1. A glass fiber tube cutting apparatus, characterized by: The device includes a conveyor frame, a cutting assembly, and multiple sets of traction assemblies spaced back and forth in front of the cutting assembly. The traction assembly includes a traction frame slidably connected to the conveyor frame, a synchronous arm fixed on the traction frame and extending rearward, a clamping mechanism mounted on the traction frame for clamping the fiberglass tube, and a translation drive mechanism mounted on the conveyor frame for driving the traction frame to move back and forth.
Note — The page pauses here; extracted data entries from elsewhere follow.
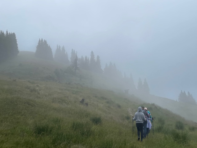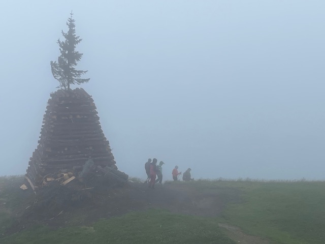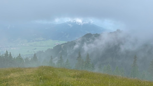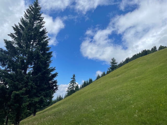 In Schöder, nur eine Autofahrminuten von Murau entfernt, parken wir und machen uns auf den 10 km langen Rundwanderweg zum Grünster Wasserfall, mit seinen 65 Metern der zweithöchste der Steiermark. Oberhalb der Talstraße folgen wir der Beschilderung, vorbei am Hang liegenden Höfen, die allseits offensichtlich frischen Nachwichts bei den Schafen, Ziegen, Pferden und Kühen bekommen haben. Wir entscheiden uns, zum Wasserfall von oben zuzusteigen. Leider erfahren wir erst am Einstieg zum Pfad, dass der Weg ab hier aufgrund von Schäden am Weg gesperrt ist und wir einen weitern Bogen mit vielen Höhenmetern zurück müssen, um doch noch den Wasserfall besuchen zu können. Deshalb entscheiden wir uns, zurück nicht die ursprüngliche Route für den Rückweg oberhalb des Hinweges zu nehmen und folgen der Talstraße zurück nach Schöder. Da diese wenig befahrenen ist, kommen wir so schneller und sicher zurück zum Parkplatz. Die im Laufe unserer Wanderung aufgezogenen, z.T. dunkeln Wolken halten aber dicht und wir kommen trocken an. Am Ende stehen dann ca. 12 km Wegdistanz mit je ca. 440 Höhenmetern bergauf und bergab auf der Uhr. Mit einem Stück Kuchen und einer Pause im einem Cafe auf der Rückfahrt beschließen wir diesen Ausflug.
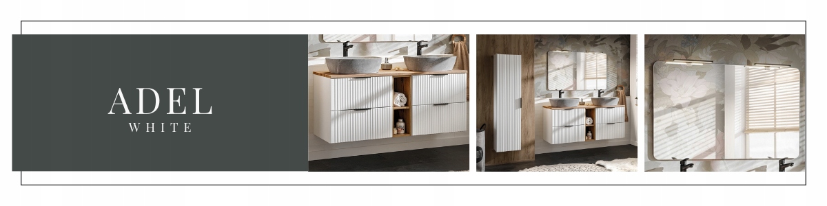 Колекція ADEL у новій, білій версії - це класичні пропорції форм у поєднанні з унікальними вертикально фрезерованими фасадами. Завдяки такому поєднанню меблі цієї колекції є універсальними та ідеально підходять як для сучасного, так і для класичного оформлення, а її висока функціональність забезпечить комфорт навіть найвимогливішим користувачам. Ще однією перевагою цієї колекції є можливість вибору кольору ручок, адже кожна шафа представлена трьома кольорами: глянсове золото, глянсовий хром і матовий чорний. Завдяки цьому ми можемо підібрати колір ручок до фурнітури, дзеркала в різних кольорах рам або в майбутньому оновити зовнішній вигляд меблів.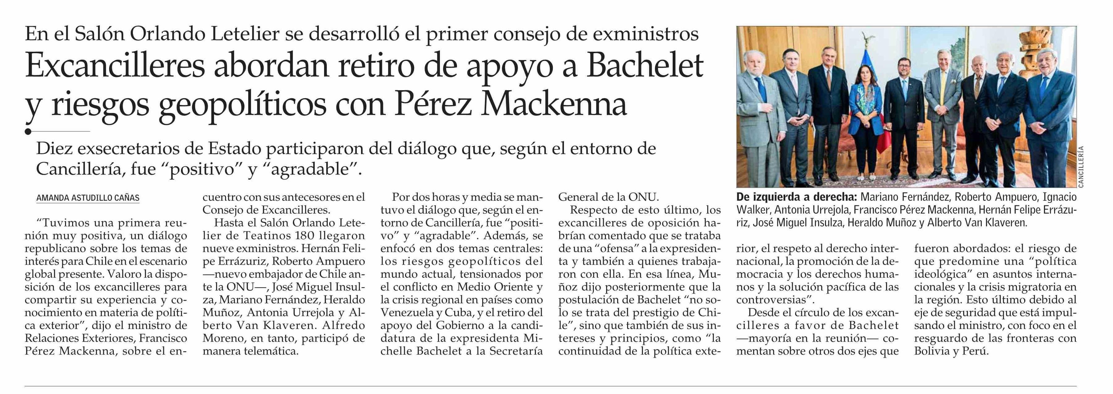 Excancilleres abordan retiro de apoyo a Bachelet y riesgos geopolíticos con Pérez Mackenna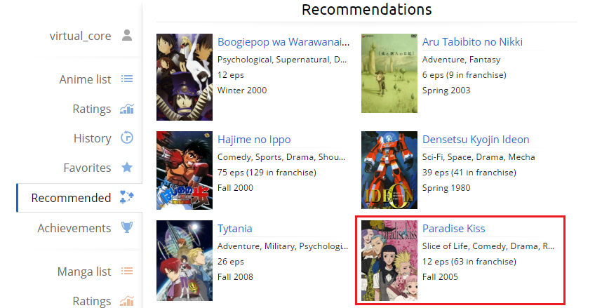 » fav finished 05/50 โก type 01 • watch an ona or stand-alone ova : Eve no Jikan 02 • watch a movie : Colorful 04 โ watch a music type anime : Shelter 07/10 05 • watch an award winning anime : Shirobako โก creators 09 โค watch an anime with a character voiced by one of your favorite voice actors : Working!! (todoroki yachiyo by Eri Kitamura) 10 • watch an anime by a studio with 3 to 50 anime in mal's database : Dagashi Kashi (shogakukan) โก years 13 • watch an anime which began airing the same year you joined mal : Durarara!!x2 Shou 14 • watch an anime which began airing between 1917 and 1959 : Koneko no Studio 16 • watch an anime which began airing between 1980 and 1989 : Urusei Yatsura 17 • watch an anime which began airing between 1990 and 1999 : Ojamajo Doremi 19 โ watch an anime that aired only during 2016 : Yuri on Ice 07/10 20 • watch an anime broadcast on a weekday : Kuragehime (fridays at 00:45 (jst)) 21 • watch an anime broadcast on a weekend : ReLife (saturdays at 00:00 (jst)) โก adaptations 22 • watch an anime with 11 episodes or more : Gekkan Shoujo Nozaki-kun 25 • watch an anime with 50 episodes or more : Touch 26 • watch an anime that has been adapted to live action : Isshuukan Friends 28 • watch an anime adapted from a visual novel, card game or game : Air 29 โ watch an anime adapted from a book, picture book, novel or light novel : Yahari Ore no Seishun Love Comedy wa Machigatteiru (light novel) 08/10 30 • watch an anime adapted from a web manga, digital manga or 4-koma manga : Nana โก stats 31 • watch an anime adapted from a manga with a score of 8.0 or higher : Nodame Cantabile 33 โค watch a completed anime with a score of or above 8.00 : Mushishi 35 • watch an anime with less than 5,000 completed members : Winter Sonata 36 • watch an anime with more user in "plan-to-watch" than "completed" : Gi(a)rlish Number โก tags, themes & demographics 38 • watch an anime with a main cast primarily of one gender : Danshi Koukousei no Nichijou 39 • watch an anime with adults as the main cast : Kuuchuu Buranko 45 โ watch an anime that combines one of your favorite and least favorite genres : High School DxD (fav genre : romance • hated genre : ecchi) 02/10 46 • watch a gourmet, superhero or magical girl themed anime : Mahou Shoujo Pretty Sammy (1996) (magical girl) 47 โ watch an anime tagged as shounen or seinen : Noragami (shônen) 07/10 48 • watch an anime tagged as shoujo or josei : Itazura na Kiss (shôjo) 51 • watch an anime tagged as drama, slice of life and/or romance : Gosick (romance, drama) 53 • watch an anime tagged as dementia, demons, horror and/or vampire : kamisama hajimemashitaโ (demon) 54 โค watch an anime tagged as mystery, psychological and/or thriller : Monster (psychological) 55 • watch an anime tagged as mecha, military, police and/or space : Cowboy Bebop (space) 57 • watch an anime tagged as cars, game, parody and/or sports : Ping Pong the Animation (sports) 58 • watch an anime tagged as kids, magic and/or music : The iDOLM@STER (music) โก challenge & mal related 59 • watch an anime recommended to you in the challenge discussion thread : Haikyuu!! (here) 60 • watch an anime that another user has completed for this challenge : 61 • watch an active staff member's favorite anime : ef: A Tale of Melodies (jinbou) 62 • watch an anime that hasn't been reviewed : gabriel DropOut 65 • choose an anime from the predictive search using your username : Plastic Memories 66 • watch an anime suggested by anime+ or by mal : Ouran Koukou Host Club (link here) โก miscellaneous 67 • watch an anime that starts with the same second letter as your username : Sakura Trick 68 • watch an anime with a number in it's title : 3-gatsu no Lion 69 • watch an anime that has a one word title : Amanchu! 70 • choose a random trope from tvtropes and watch an anime listed under the trope : Ookami to Koushiryou 71 • watch an anime with a main character that doesn't have a natural hair color : Heartcach Precure 72 • watch an anime that you can finish in one day : Flying Witch 74 • watch an anime recommended to a favorite anime listed in your profile : Shoujo Kakumei Utena |
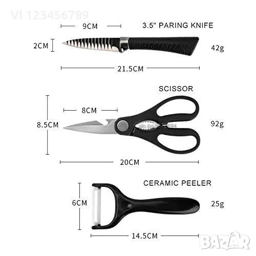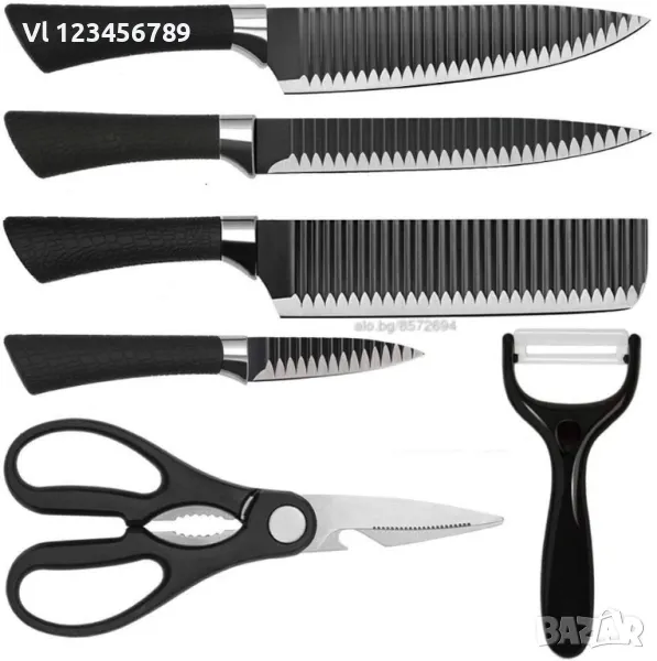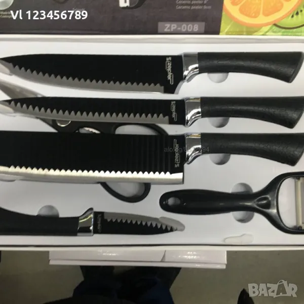 Нов комплет от 4 ножа, белачка, домакинска ножица.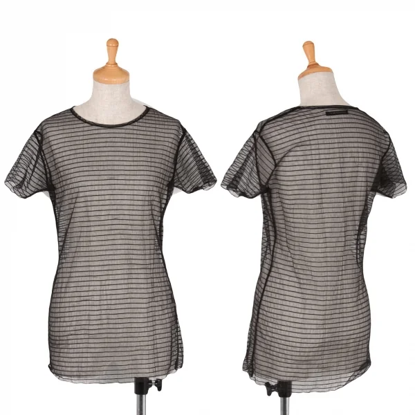 【SALE】ヨウジヤマモト ファムYohji Yamamoto FEMME シースルーボーダーカットソー 黒M位
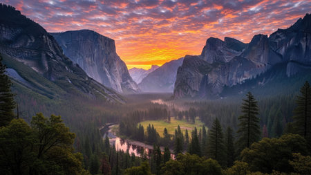 Yosemite Valleys dramatic cliffs dominate, bathed in sunset hues. A river winds through a dark green forest. The sky is a vibrant purple and pink. The scene evokes serenity and awe. No transparency in the background. A timeless natural landscape.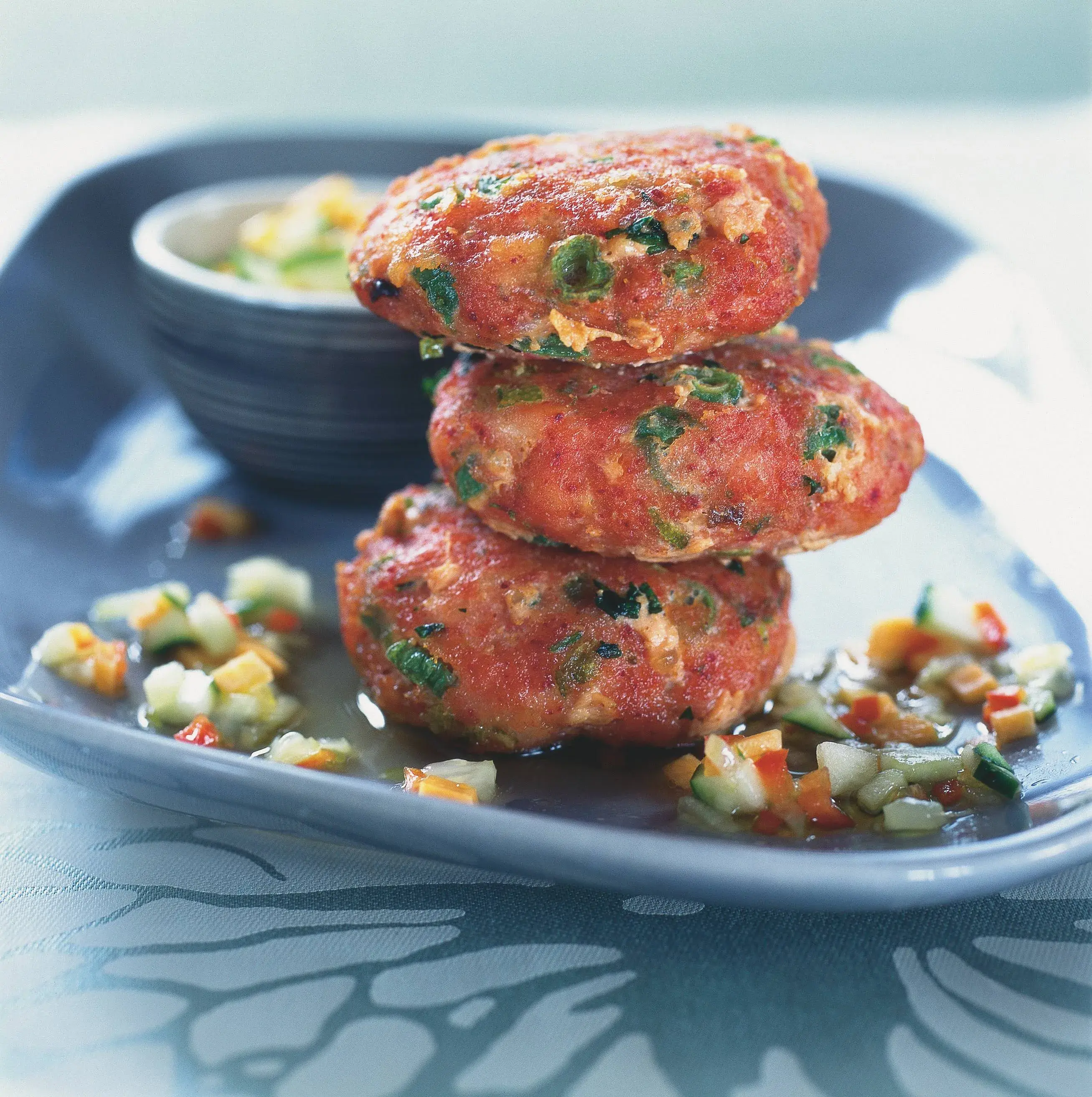 Koláčky z jemného rybího masa získají díky kořeněné kari pastě ostřejší chuť, která skvěle ladí s výraznou omáčkou.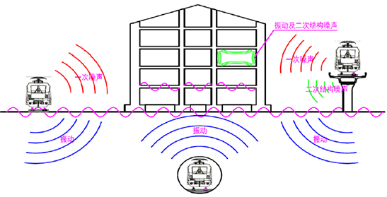 城市轨道交通按产生噪声的声源可分为轮轨噪声、车辆非动力噪声、牵引动力系统噪声、高架轨道噪声、地下铁道的地面承载噪声及客运站人群噪声等。解决城市轨道交通噪声问题是一个综合的系统工程。 地铁通风空调系统声源设备主要由隧道送/排风机(TVF)、排热风机(TEF)、隧道射流风机、回/排风机、新风机、组合空调机、送/排风风机、室外冷却塔、列车噪声等。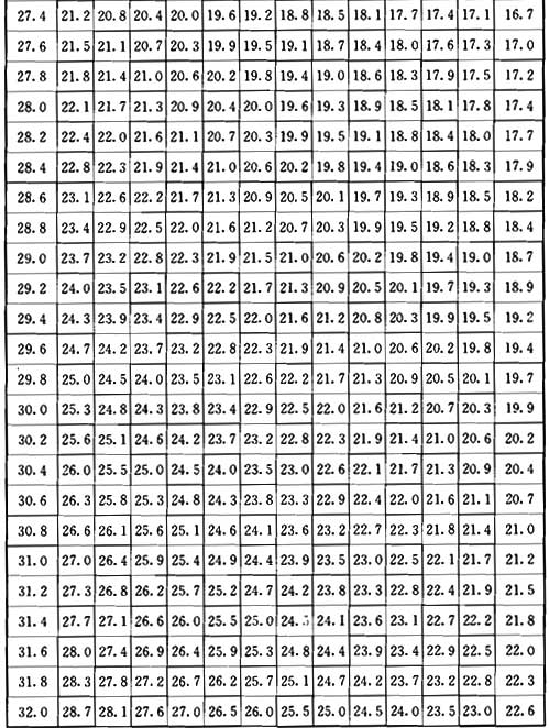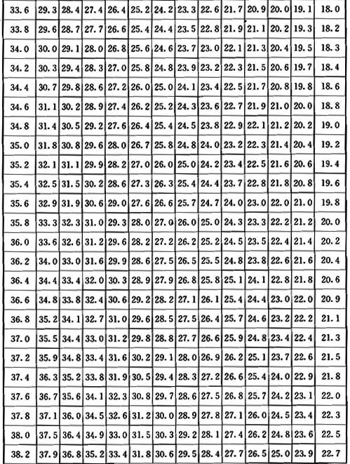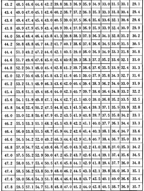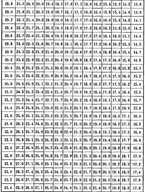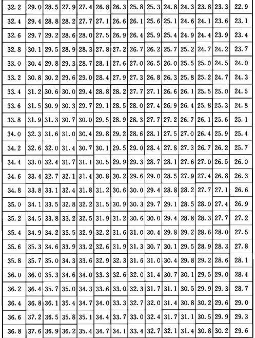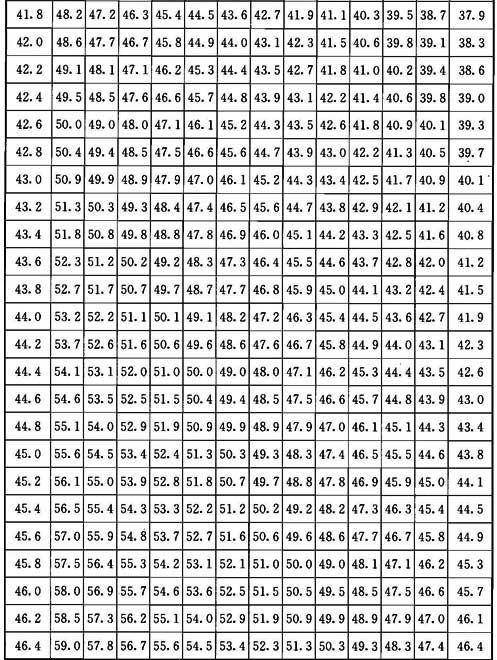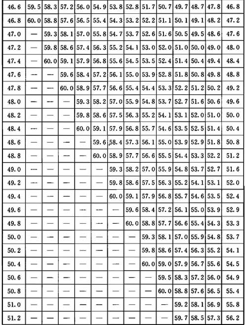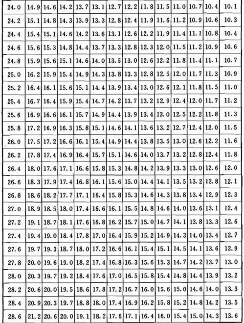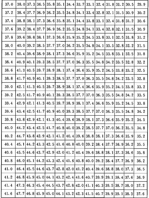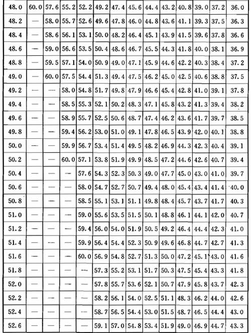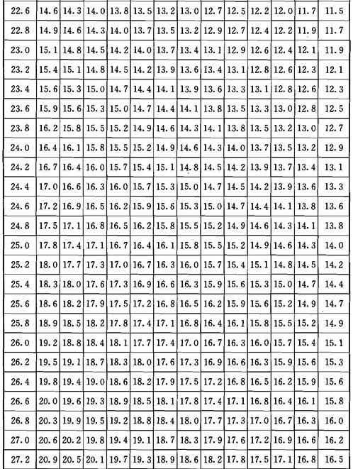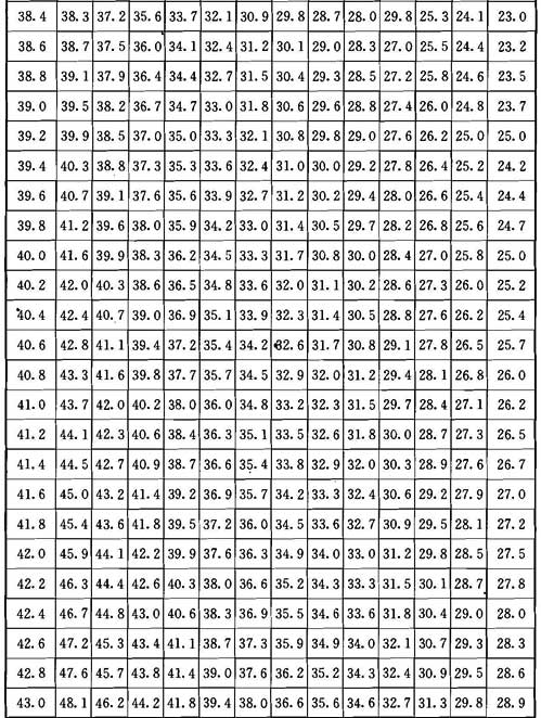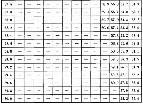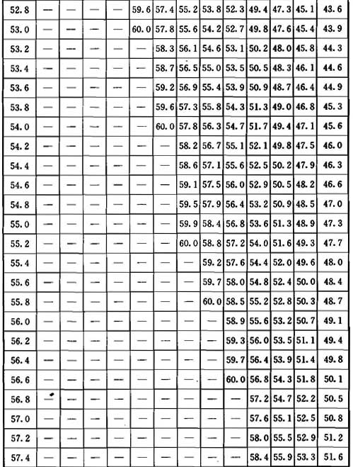 2 表中未列入的相應(yīng)于Rmα的修正值Rmα,可用內(nèi)插法求得,精確至0.1。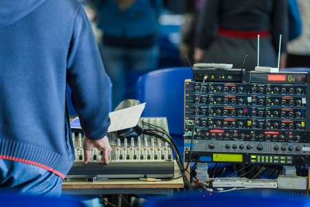 Sound engineer working with audio mixing console at a live event. Selective focus.
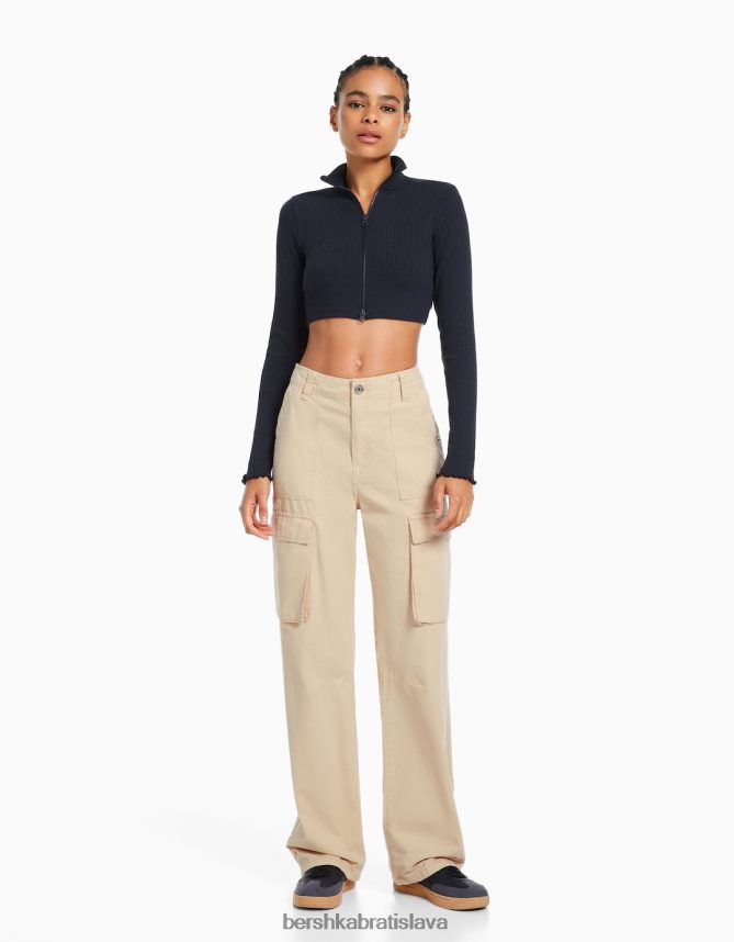Bershka ženy cargo nohavice rovného strihu piesku oblečenie B86RXX1305 Bershka Nohavice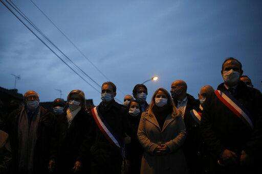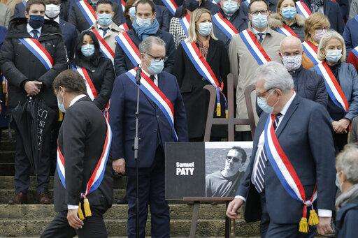 French officials lead a memorial march in homage to the history teacher who was beheaded last week, Tuesday, Oct.20, 2020 in Conflans-Sainte-Honorine, northwest of Paris. Samuel Paty was beheaded on Friday by an 18-year-old Moscow-born Chechen refugee, who was later shot dead by police. Police officials said Paty had discussed caricatures of Islam's Prophet Muhammad with his class, leading to threats. (AP Photo/Lewis Joly)

The cutting assembly includes a cutting frame slidably connected to the conveyor frame, a cutting mechanism mounted on the cutting frame for cutting the fiberglass tube, a reset mechanism mounted on the cutting frame for driving the cutting frame to reset, and multiple sets of clamping mechanisms for clamping multiple sets of synchronous arms one-to-one.

2. A glass fiber tube cutting apparatus as claimed in claim 1, characterized in that: The traction frame is provided with a synchronous arm on both the left and right sides, and each clamping mechanism includes two clamping members that are used to clamp the two synchronous arms.

3. A glass fiber tube cutting apparatus as claimed in claim 2, characterized in that: The synchronous arms of the multiple traction frames are arranged at vertical intervals.

4. The glass fiber tube cutting device as described in claim 2, characterized in that: The clamping components include two clamping blocks for correspondingly clamping the left and right sides of the synchronous arm, and a clamping cylinder mounted on the cutting frame for driving the clamping blocks to open and close.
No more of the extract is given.